Features Extracted (10 per user-game pair)

Feature	What It Measures	Why It Matters
`active_days_last_8`	Recent activity level	Recent engagement is strongest churn predictor
`transactions_last_8`	Recent engagement intensity	High recent activity = lower churn risk
`total_active_days`	Tenure/experience	Longer-term users less likely to churn
`total_transactions`	Lifetime value proxy	High LTV users worth retention effort
`avg_transactions_per_day`	Average engagement rate	Consistent engagement indicates habit
`days_since_last_activity`	Recency (lower = better)	Long absence = high churn signal
`week1_transactions`	Onboarding success	Strong start = better retention
`week_last_transactions`	Current engagement	Declining recent activity = warning
`early_to_late_momentum`	Trend (>1 = growing, <1 = declining)	Momentum direction predicts future
`consistency_score`	Play regularity	Regular players vs sporadic visitors

Automated Training Process

1. Data Ingestion  → Dune Analytics queries (last 60 days)
2. Cache Check     → Use cached if <24-72hrs old, else fetch fresh
3. Feature Eng     → Extract 10 features per user-game pair
4. Data Split      → 75% train, 25% test (stratified)
4.5. SMOTE Balance → Synthetic minority oversampling to handle 95%+ class imbalance
5. Standardize     → Z-score normalization (mean=0, std=1)
6. Train 5 Models  → Parallel training (all algorithms)
7. Evaluate        → ROC-AUC (primary), Accuracy, Precision, Recall
8. Select Champion → Best ROC-AUC wins (typically Random Forest or LightGBM)
9. Build Ensemble  → Top 3 models weighted by performance
10. Generate Preds → Churn risk for all active users
11. Cache Results  → Predictions cached for 24-72 hours

Retraining Triggers:

Manual: POST /api/cache/refresh
Automatic: When cache expires and new data requested
Result: Champion model may change based on current data patterns

Prediction Methods

Champion Method: Uses only the current best-performing model
Ensemble Method: Weighted average of top 3 models (more robust)

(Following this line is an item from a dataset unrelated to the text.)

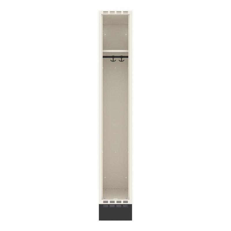 Garderobeskap Sonesson, 1 skap med sokkel, B 300 mm, rød dør og hvit stamme. Robust klesskap i pulverlakkert, helsveiset stål. 15 mm tykke isolerte dører innfelt i karmen, skjulte hengsler og forsterket låshull. Dørstopp ved 90 grader. Ventilasjonsslisser over og under døren gir god ventilasjon. Leveres som standard med skrått tak, flatt tak på forespørsel. Bunnen er perforert og rustbeskyttet. Leveres med hattehylle, klesstang, ankerkroker og håndklekrok. Hvit eller svart stamme, flere farger på dører. Velg mellom sokkel, ben eller benkstativ. Klinke for hengelås er standard. For annet låsalternativ, eller andre farger på skap - kontakt kundeservice på tlf. 67805620.
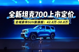 全新坦克700上市定价,售价42.8万-50.8万。全域豪华SUV新旗舰,,配备冰箱彩电大沙发,更首搭VLA大模型,兼具硬核性能与豪华智舱,50万级售价刷新高端硬派越野旗舰认知。

Risk Classification (Dynamic Percentile-Based)

🔴 High Risk (Top 15%): Immediate intervention needed
🟡 Medium Risk (50th-85th percentile): Monitor closely
🟢 Low Risk (Bottom 50%): Healthy engagement

Note: Thresholds adapt to actual prediction distribution, ensuring meaningful categories regardless of population health. Actual percentile values are logged with each prediction run.

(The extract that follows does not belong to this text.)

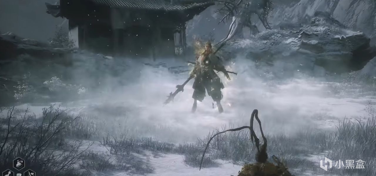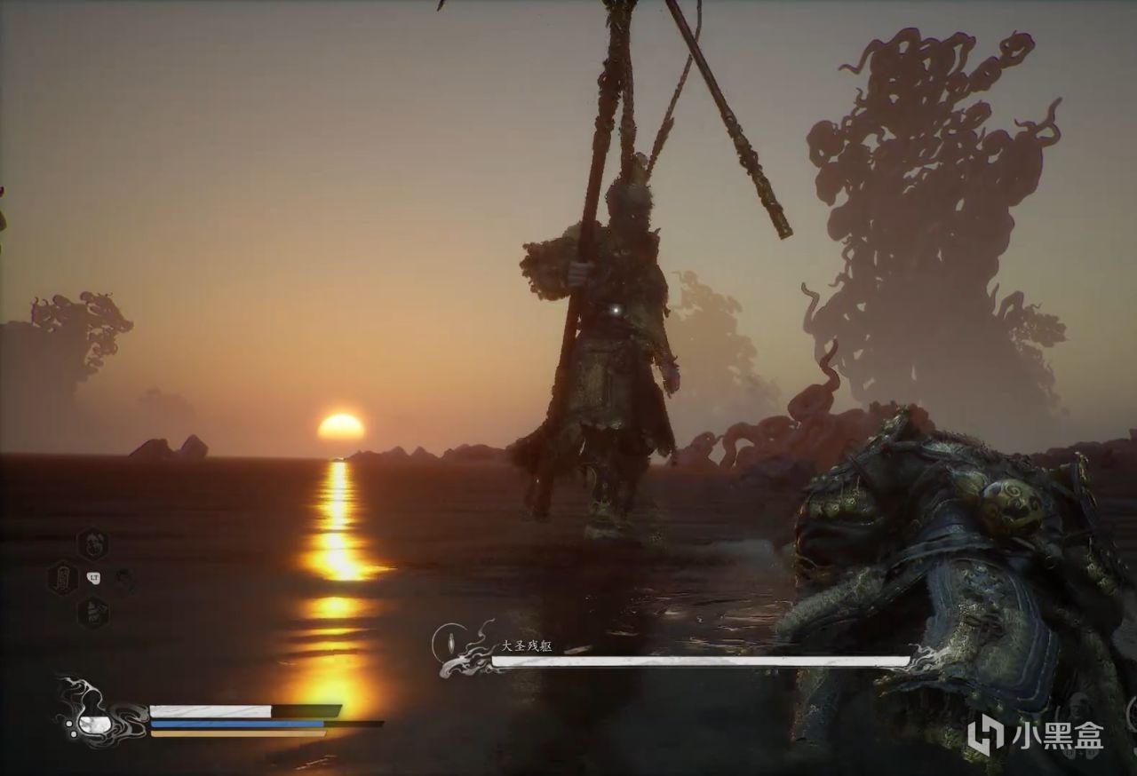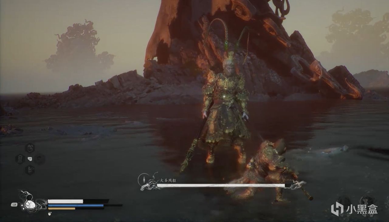 大聖殘軀,這個就是典型代表,一共四個階段,各種投技,變換形態都非常精彩。在大聖殘軀取回你身上的根器時,你變回了馬嘍。在最後一階段中,有各種非常有趣的投技演出。比如,大聖會定身術搶你葫蘆喝。

Current Performance (Live Examples)

ROC-AUC: ~86% (excellent discrimination)
Recall: ~55% (catches over half of churners)
Precision: ~8% (conservative flagging for low-cost interventions)
Accuracy: ~87% (post-SMOTE balancing)

Note: These metrics update automatically with each model retraining. Actual values vary as player behavior evolves.

Check Current Performance: Live Model Leaderboard

📊 API Endpoints

Analytics (11 Endpoints)

All return {metadata, data} with cache info and UTC timestamps.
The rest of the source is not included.